Sebelumnya,
aku hendak berceloteh tentang sebuah kisah. Ini bukan kisahku, tapi bisa jadi kisah salah seorang
diantaramu. Atau mungkin kisah dari kerabat dekatmu. Sudahlah, tak usah
mempedulikan siapa yang mengalami kisah ini, bukankah inti dari sebuah kisah
adalah hikmah.
Maka,
kehebatan sebuah kisah (menurutku) terletak dari seberapa dalam hikmah yang
terkandung di dalamnya. Sedangkan, seberapa dalam hikmah yang bisa digali dari
sebuah kisah, sangat tergantung dari pemahaman dan pengalaman yang membentuk
penyimaknya. Bisa jadi, kisah yang sama, memberikan hikmah yang berbeda antar
orang perorang. Sedangkan perihal siapa yang mengalami kisahnya, (apalagi) yang
menceritakan kisahnya, itu nomor kesekian.
Syahdan,
ada seorang gadis yang sedang patah hati. Berbilang minggu hidupnya jadi
berantakan. Mengingat, merasa dan menyesal. Begitulah siklus hati dan
logikanya. Sampai yang bersangkutan terjebak pada perenungan yang cukup dalam,
dan berbicara dengan rasa yang bernama cinta. Ini kutipan dari pembicaraannya.
Kau
tahu Cinta, aku tidak begitu sepakat jika warnamu merah muda. Juga tidak
terlalu percaya jika rasamu selalu bahagia. Aku tahu kau jauh lebih hebat dan
lebih suci daripada itu. Kau bisa menampung segala rasa, kau juga bisa
beradaptasi dengan segala warna.
Cinta,
pernah suatu ketika aku berpikir ada saatnya kau tak perlu ada. Pikiran itu
bermula dari efek yang datang setelah seseorang merasakanmu. Gelisah tak jelas,
berfikir tak produktif, sangat mengganggu. Belakangan, aku sadar bahwa itu
bukan ulahmu. Karena sejatinya, engkau begitu suci. Hanya saja, perilaku
manusia yang tak mengerti kesucianmu, yang tak tahu apa-apa tentang
keagunganmu, yang tak paham bagaimana harus menyikapimu, membuatmu sedikit
tercemar. Sejak tahu itu aku jadi lebih menghormatimu.
Cinta,
semua orang mengharapkanmu, menginginkanmu. Tapi tak semua orang bisa
memahamimu. Tak semua orang tahu bahwa bentukmu tak hanya satu. Terlebih lagi,
tak semua orang tahu bagaimana cara merasakanmu. Padahal sejatinya, kamu hanya akan
benar-benar dirasakan sebagai cinta, dengan penempatan hati yang tepat dan
proporsional; dengan keinsyafan terhadap maksud penciptaanmu, juga ketaatan
terhadap penciptamu. Bukan begitu, Cinta?
Cinta,
aku hanya ingin memahamimu dengan sederhana; dengan keadilan antara rasa dan
logika. Agar mereka tidak saling mendominasi, apalagi saling mengeliminasi. Gpp
ya Cinta, kalau mereka selalu mendampingimu. Karena manusia akan benar-benar
menjadi manusia seutuhnya, jika mereka bisa menggunakan hati dan akalnya dengan
baik. Termasuk, ketika manusia berhadapan denganmu.
Cinta,
di luar sedang gerimis. Setelah siang tadi panas memekat. Gelagatnya, sebentar
lagi rinainya juga semakin menderas. Cepat sekali berubah ya, seperti hati.

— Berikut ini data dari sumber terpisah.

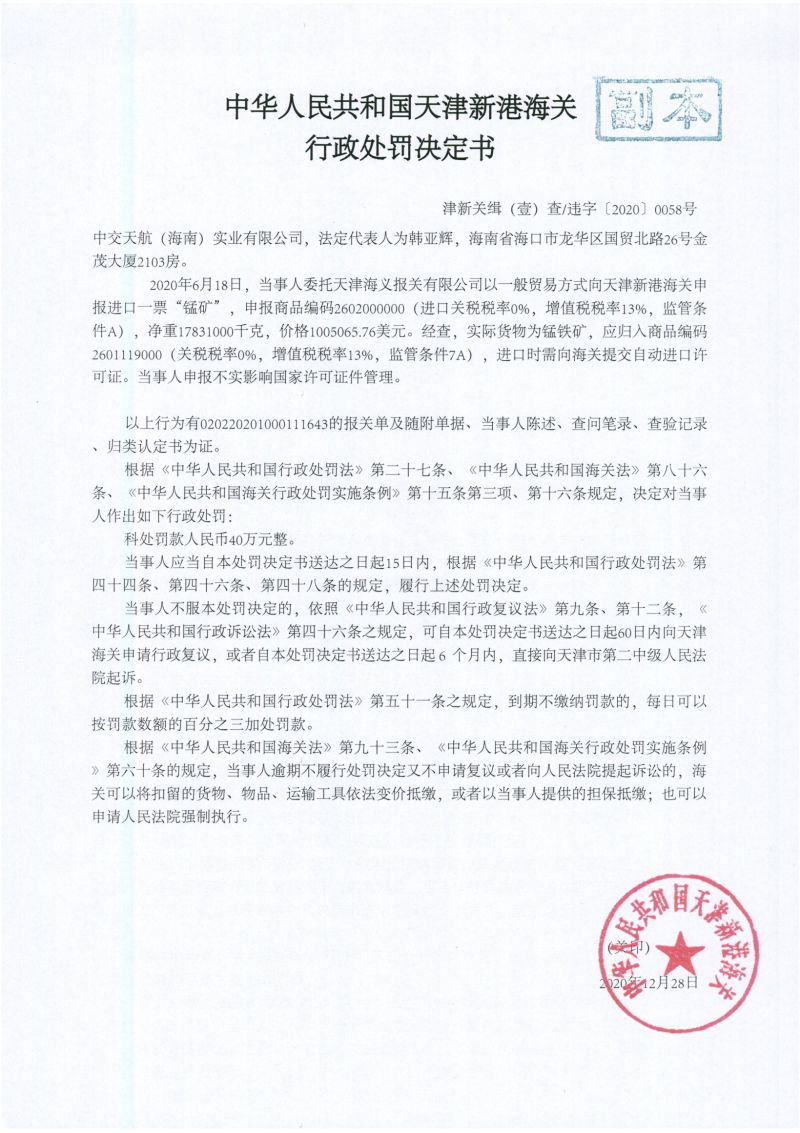 津新港關(guān)緝違字〔2020〕0058號(hào)處罰決定書

Semoga pemahaman agama yang baik selalu mengiringi pemahaman manusia tentangmu
ya. Agar bisa merasakanmu dengan lurus, tidak seperti turunnya hujan yang
didiagonalkan angin. Agar bisa abadi, tidak seperti panas, gerimis, dan hujan
yang saling berganti.
Sebelum
kuakhiri kisah ini, perlu kuingatkan kembali bahwa suatu kisah bisa jadi
benar-benar terjadi, tapi tak sedikit juga yang sebenarnya tak pernah terjadi.
Seperti kisah-kisah yang pernah dituturkan para tetua kita. Masih ingat,
tentang kisah jangan duduk atau berdiri di dekat pintu karena nanti susah dapat
jodoh. Atau kisah seorang gadis yang menyapu harus bersih agar tidak dapat
suami yang berewokan. Ada juga kisah yang dibuat untuk mengusir nyamuk atau
sekedar mengusir kantuk. Semuanya dibuat-buat untuk mempermudah mengambil hikmah.
Dan jujur kisah ini satu aliran dengan jenis kisah yang seperti itu. Mana ada
manusia yang bisa berbicara dengan makhluk selain manusia. Kecuali orang-orang
tertentu. Sayangnya, tokoh dalam kisah ini tak termasuk dalam golongan itu.